The War on Warriors: Behind the Betrayal of the Men Who Keep Us Free
- Author: Pete Hegseth
- Language: English
- Genre: Politics
- Publisher: Broadside Books
- Publication date: June 4, 2024
- Publication place: United States
- Media type: Print
- Pages: 256
- ISBN: 978-0-0633-8942-7

= The War on Warriors =

2024 book by Pete Hegseth

The War on Warriors: Behind the Betrayal of the Men Who Keep Us Free is a 2024 non-fiction book by later United States Secretary of Defense Pete Hegseth. In the book, Hegseth criticizes the US military for its focus on "woke" policies and counter extremism. The book gained sustained attention after Hegseth was nominated to be the Secretary of Defense by US President-elect Donald Trump.

== Contents ==
In the book, Hegseth writes that the "don't ask, don't tell" policy and its end served as a "gateway" and a "camouflage" that opened the door for broader political and ideological changes in the military, which he says undermined the effectiveness of the United States Armed Forces. He wrote that he accepted LGBTQ service members early in his National Guard service, believing that because "America was at war...we needed everybody," but later came to see this mindset as naive, stating that "our good faith was used against us." He compares the American left-wing to a "Jody", military slang for a person who sleeps with the spouse of a serviceperson abroad, saying they "stayed home and wrecked our house. America-wreckers, all of them". He accuses the Pentagon of being consumed by "woke" ideology after the 2020 George Floyd protests, writing they "will not stop until trans-lesbian black females run everything". He criticizes the renaming of U.S. Army installations named for Confederate soldiers and advocates for renaming Fort Liberty back to Fort Bragg; "We should change it back. We should change it back. We should change it back, because legacy matters. My uncle served at Bragg. I served at Bragg. It breaks a generational link".

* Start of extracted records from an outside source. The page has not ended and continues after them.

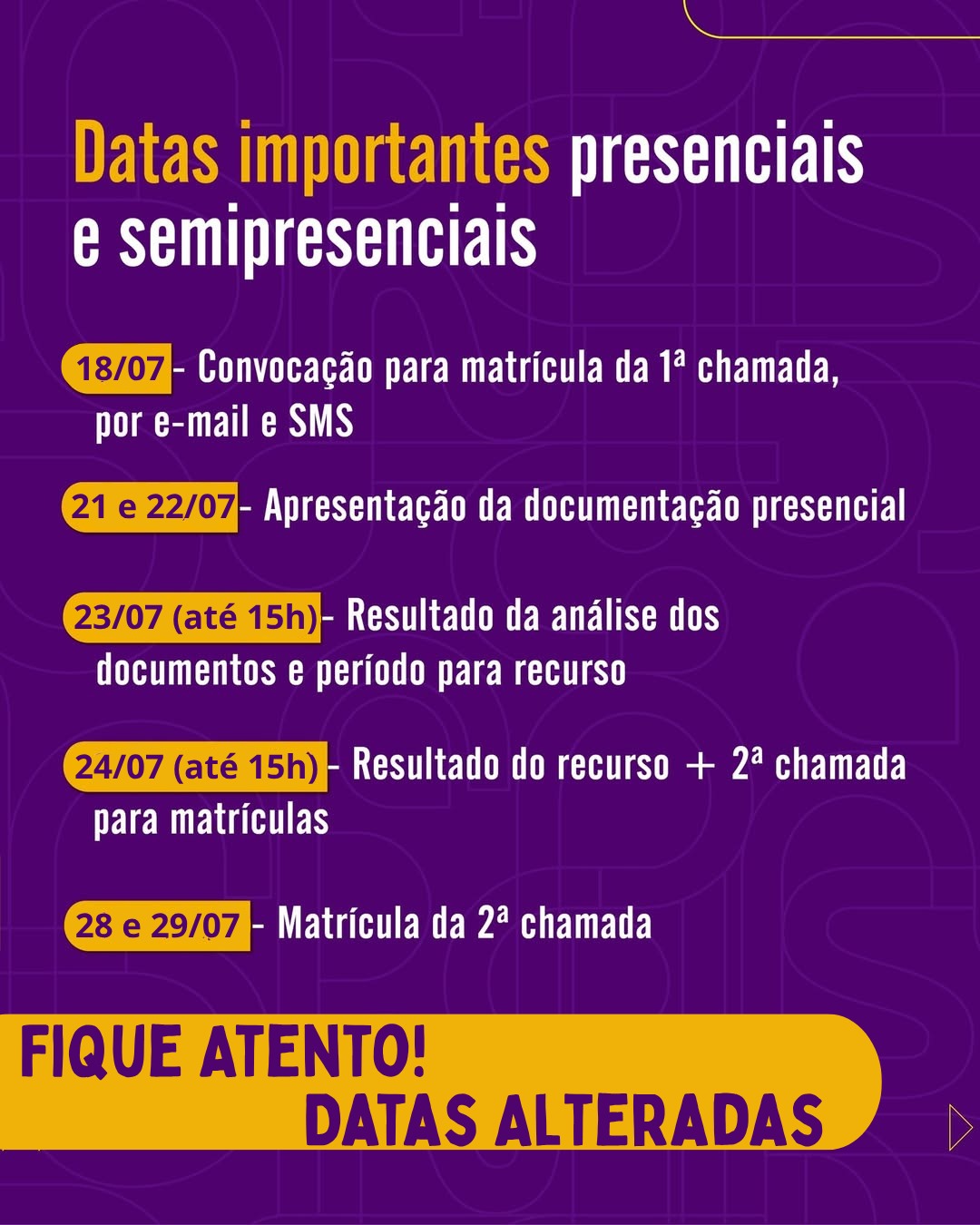 - Dias 21 e 22 de julho: matrícula dos candidatos da primeira chamada, com apresentação da documentação.
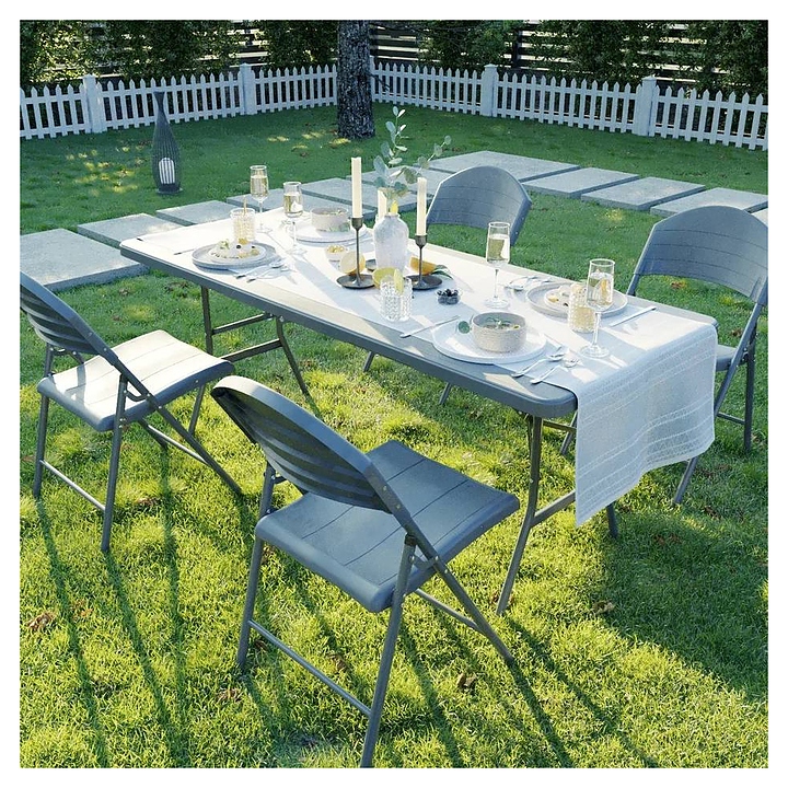Складной стул Samman Vän T предназначен для использования на выездных мероприятиях, форумах, кейтеринге, а также на даче и дома. Каркас выполнен из стальной трубы, покрытой порошковой краской, сиденье и спинка - из полипропилена с имитацией под дерево. Особенности:
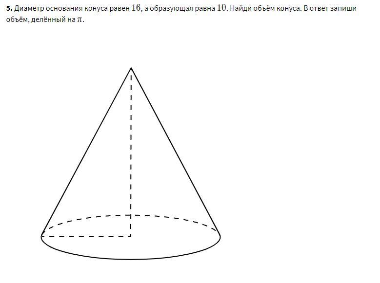 Диаметр основания конуса равен 16 , а образующая равна 10 . Найди объём конуса. В ответ запиши объём, делённый на π .
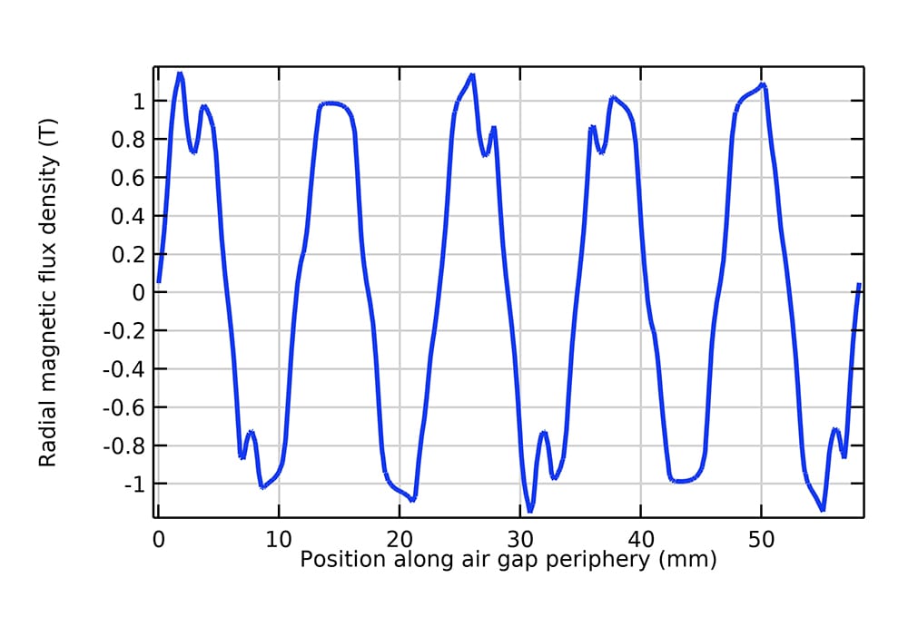 If there is a nonsinusoidal MMF wave, higher-order harmonics will be present in the induced stator voltages. For a generator, the presence of harmonics will result in poor power quality supplied to the power system, while for a motor any higher-order harmonics imply wasted power and therefore reduced efficiency. From the COMSOL simulation of the PMM, we obtain the magnetic field distribution and the air gap MMF wave. Simply by inspecting the MMF wave in this case, we know that there will not be a purely sinusoidal voltage induced in the stator phase.
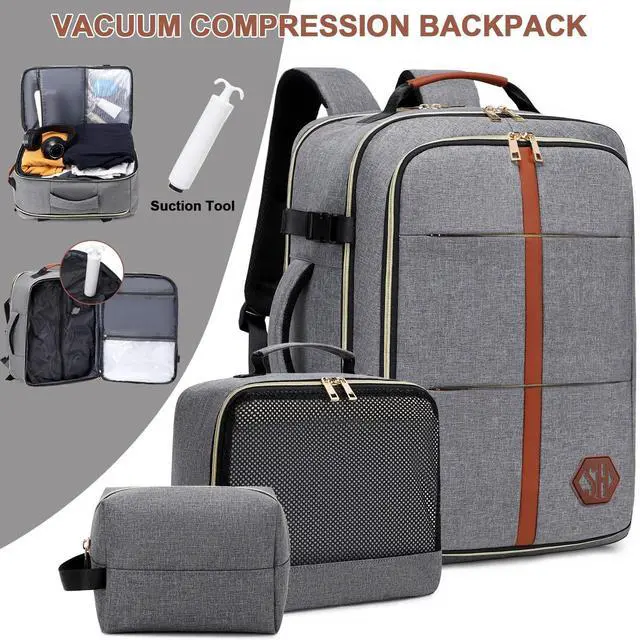 Flight-Approved Design: Externally measures 18.5 x 12.6 x 7.5 (HxWxD), meeting most airline carry on requirements. This vacuum compression travel backpack carry on flight approved bag opens 180 for easy airport security checks an ideal travel vacuum backpack ^^
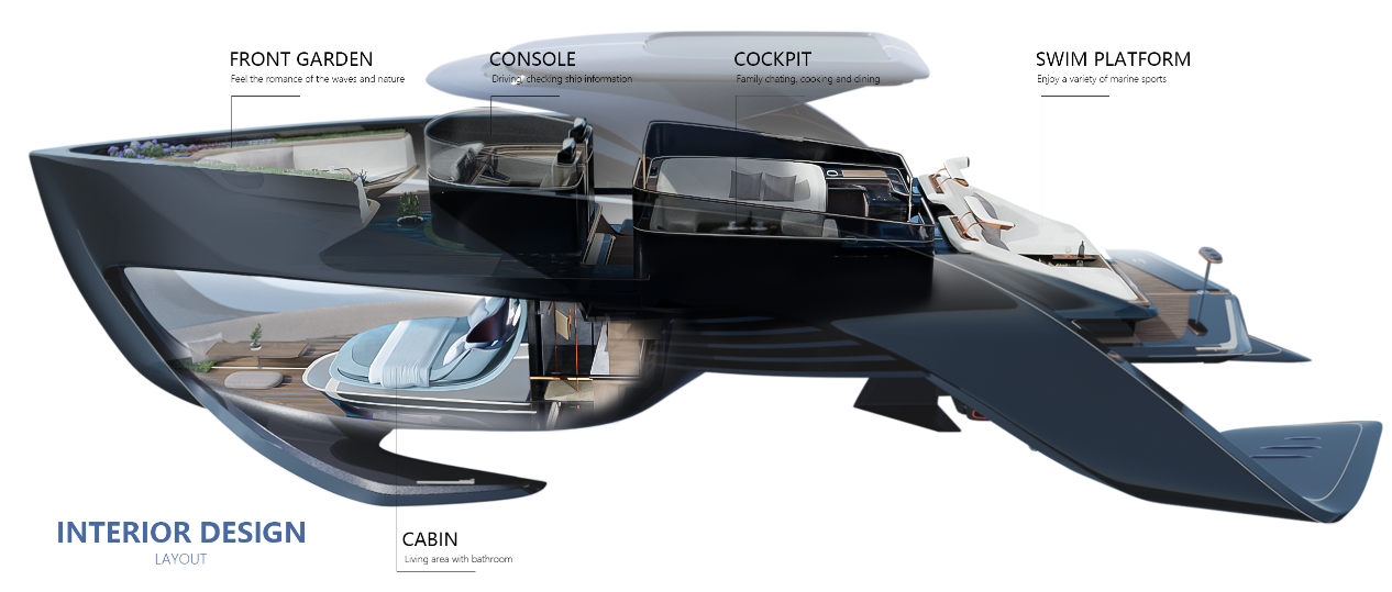 海洋最具魅力的就是它的分割,由分割创造了两个不同的世界。作为乘客,人们往往只能在交通工具中体验到一个世界的景色,于是水翼船这种在行驶过程中会与水面位置发生变化的船型就映入设计者的眼帘。水翼船自身富有驾驶乐趣,行驶过程中良好的稳定性也符合不同用户的需求,带来了独特的海洋驾驶体验。作品主要的创意点放在前舱的卧室内,随着速度的变化,船只的高度不断被抬升,即可使得卧室的景观发生变化,从而拥有了从水下到水上的两种景色。
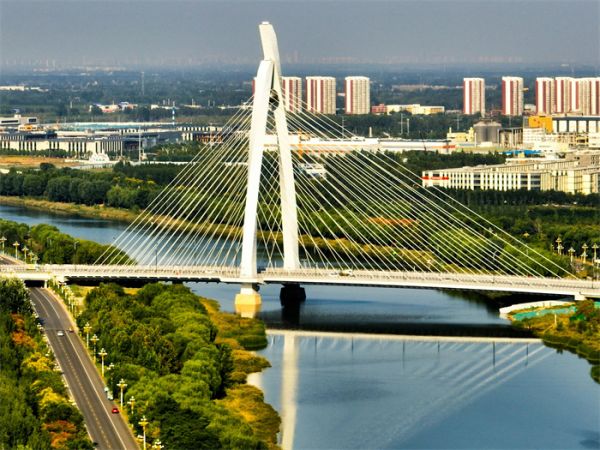 興華路徒駭河大橋全長近384米,大橋采用雙向6車道設計,很是雄偉壯觀。
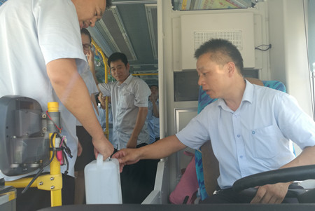 為鞏固培訓成效,公交公司還組織開展了公交車防恐突發(fā)事件實戰(zhàn)演練。在演練車上,一名攜帶不明液體的乘客上車,公交駕駛員根據(jù)相關規(guī)定對乘客攜帶物品進行詢問和檢查,確認安全,放行旅客上車。同時,演練人員在車廂內(nèi)演示了安全錘及滅火器的使用方法。
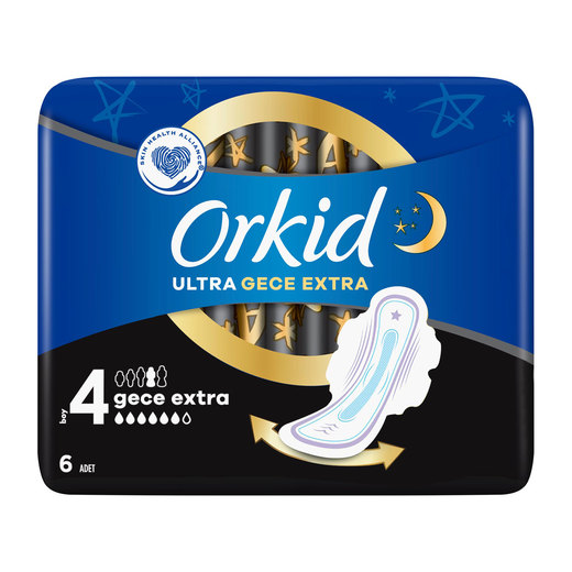 Orkid Ultra extra,üst yüzeyinde bulunan iri gözenekler ve mavi koruma bölgeleri sayesinde sıvıyı hızla emer ve içinde hapsederek cildinizin kuru ve temiz kalmasını sağlar.Cildinize yapışmayan üst yüzeyi ile gün boyu rahat olmanıza yardımcı olur.Dermatolojik olarak test edilmiştir.
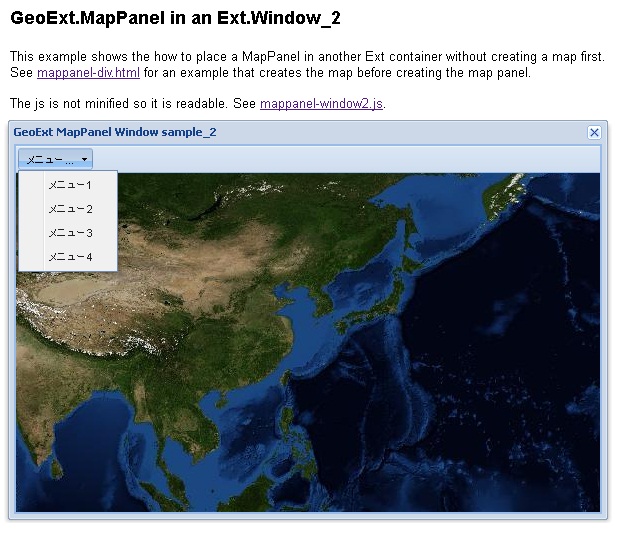 var mapPanel; Ext.onReady(function() { // Layerの作成 var wmslayer = new OpenLayers.Layer.WMS( "Global Imagery", "http://maps.opengeo.org/geowebcache/service/wms", {layers: "bluemarble"} ); // 表示するwindowの作成 var mapwin = new Ext.Window({ title: "GeoExt MapPanel Window sample_2", height: 400, width: 600, layout: "fit", items: [{ xtype: "gx_mappanel", id: "mappanel", layers: [wmslayer], extent: "100,10,150,50", tbar : [ { xtype : 'tbbutton', text : 'メニュー...', menu : [ { text : 'メニュー1', selectType: 1, handler : menuProc }, { text : 'メニュー2', selectType: 2, handler : menuProc }, { text : 'メニュー3', selectType: 3, handler : menuProc }, { text : 'メニュー4', selectType: 4, handler : menuProc } ] } ] }] }); // mapwinの表示 mapwin.show(); mapPanel = Ext.getCmp("mappanel"); }); function menuProc(obj){ Ext.Msg.alert('メニュー番号', '選択した' + obj.selectType +'番です。' ); //gmap.setMapTypeId(obj.mapType); }
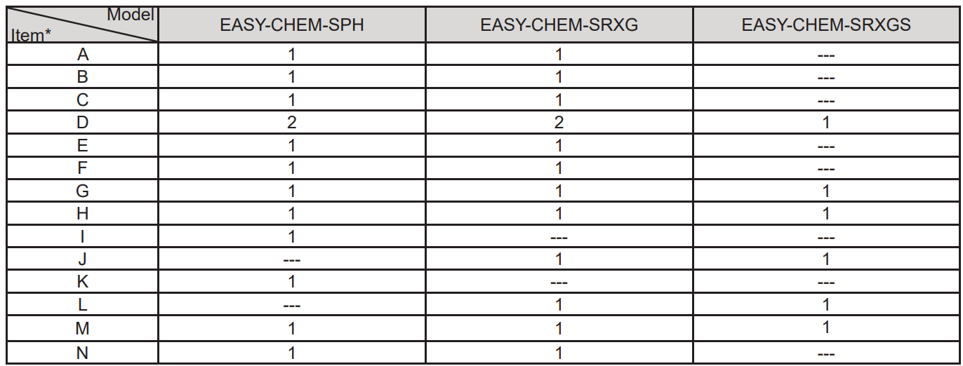 | Item | Easy Chem SPH | Easy Chem SRXG | Easy Chem SRXGS |
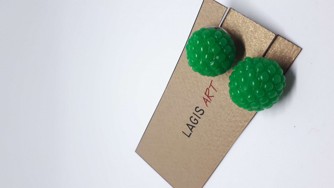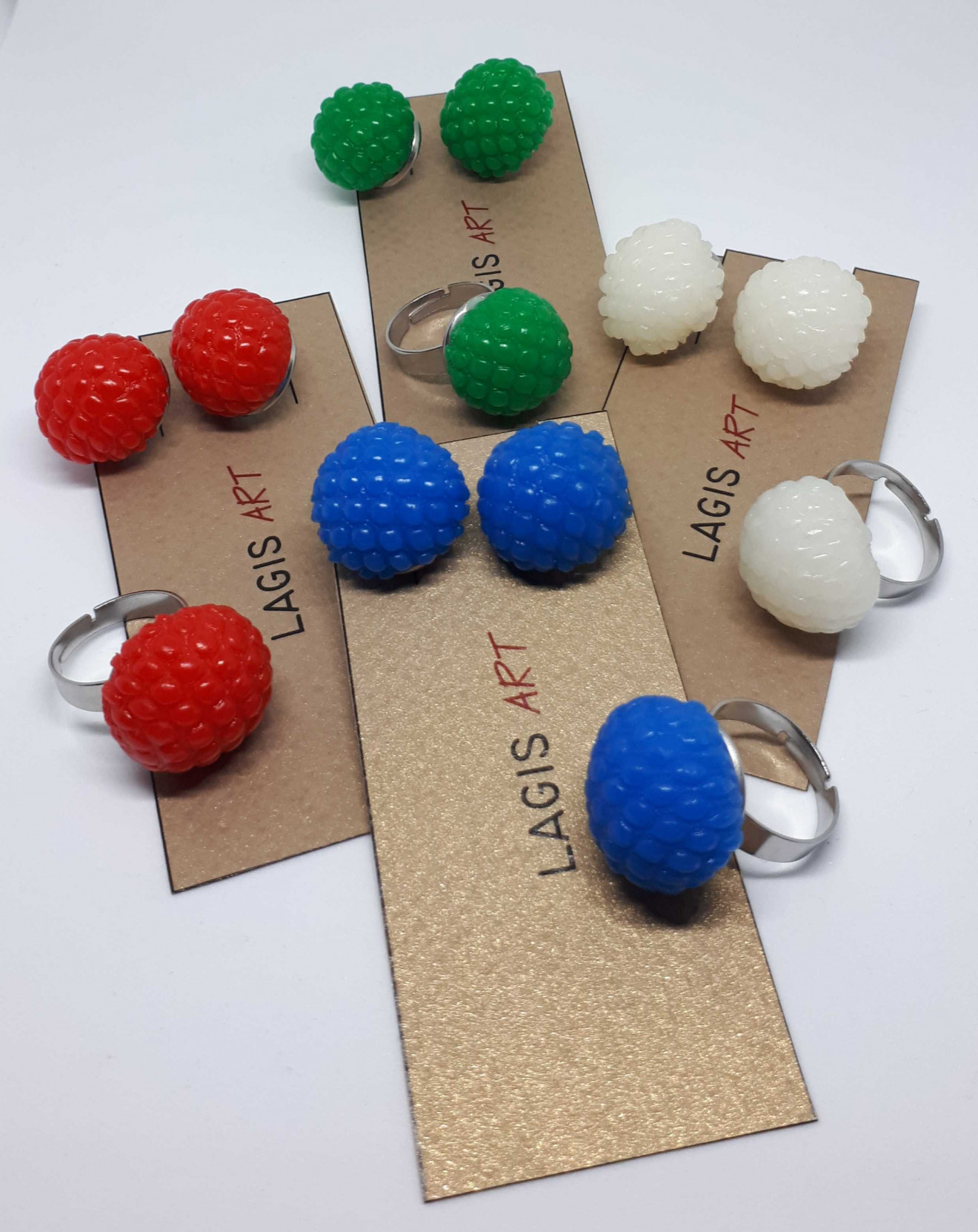 LAGIS ART #Обеци# Raspberry- White,Green,Red,Blue #стомана#глина#цветове#винт#
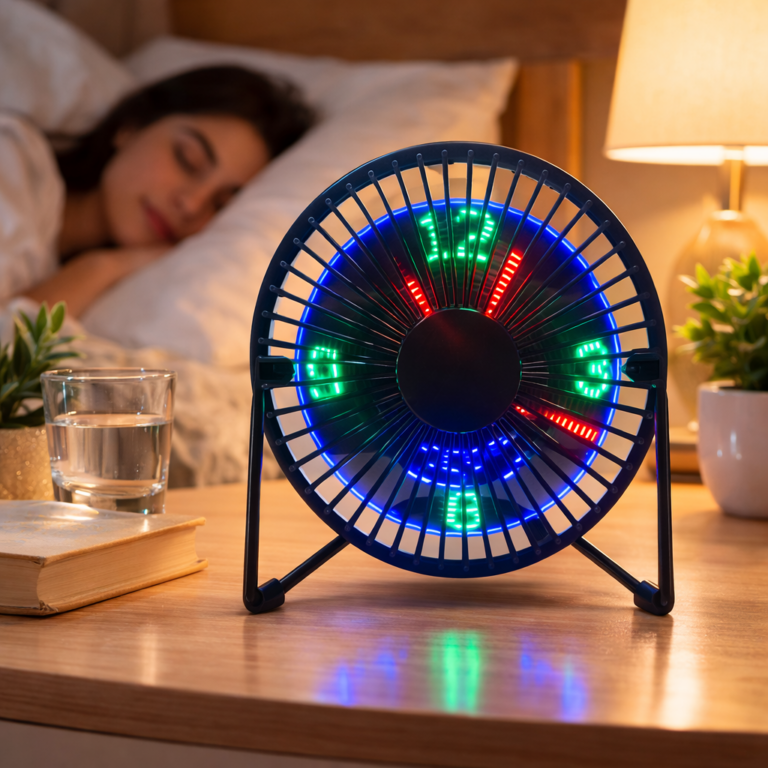 مروحة ليد مكتب بساعة رقمية تدور 360 درجة تعمل بالشحن
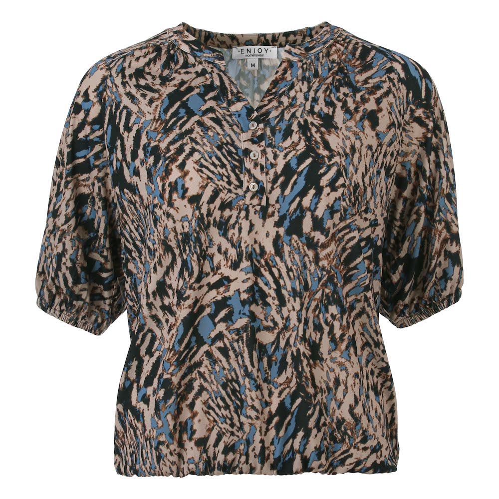 Blouson van Enjoy in een all-over dessin met korte pofmouwen, V-hals voorzien van korte koopsluiting en een elastische zoom. Materiaal: Polyester 92%\ elastan 8%

In the book, Hegseth criticizes "woke" generals and leaders of elite service academies for promoting diversity, equity, and inclusion (DEI), which he says left the US military weak and "effeminate"; "Turns out, all the 'diversity' recruiting messages made certain kids—white kids—feel like they're not wanted". He criticizes efforts to counter extremism within the US military, writing that "Rooting out 'extremism,' today's generals push rank-and-file patriots out of their formations". He criticizes the Geneva Conventions, writing "The key question of our generation—of the wars in Iraq and Afghanistan—is way more complicated: what do you do if your enemy does not honor the Geneva conventions? We never got an answer. Only more war. More casualties. And no victory." He calls on the US to ignore the convention, writing "Would that not be an incentive for the other side to reconsider their barbarism? Hey, Al Qaeda: if you surrender, we might spare your life. If you do not, we will rip your arms off and feed them to hogs." He continues by saying "We are just fighting with one hand behind our back—and the enemy knows it ... If our warriors are forced to follow rules arbitrarily and asked to sacrifice more lives so that international tribunals feel better about themselves, aren't we just better off winning our wars according to our own rules?!" and also says "Who cares what other countries think?"

== Publication ==
The 256-page book was published by Broadside Books on June 4, 2024.

== Reception ==

The contents of the book gained sustained attention in 2024 after US President-elect Donald Trump nominated Hegseth to serve as the United States Secretary of Defense.

Ahead of confirmation hearings to become the Secretary of Defense, Hegseth disclosed he received a $348,000 advance from HarperCollins for the book.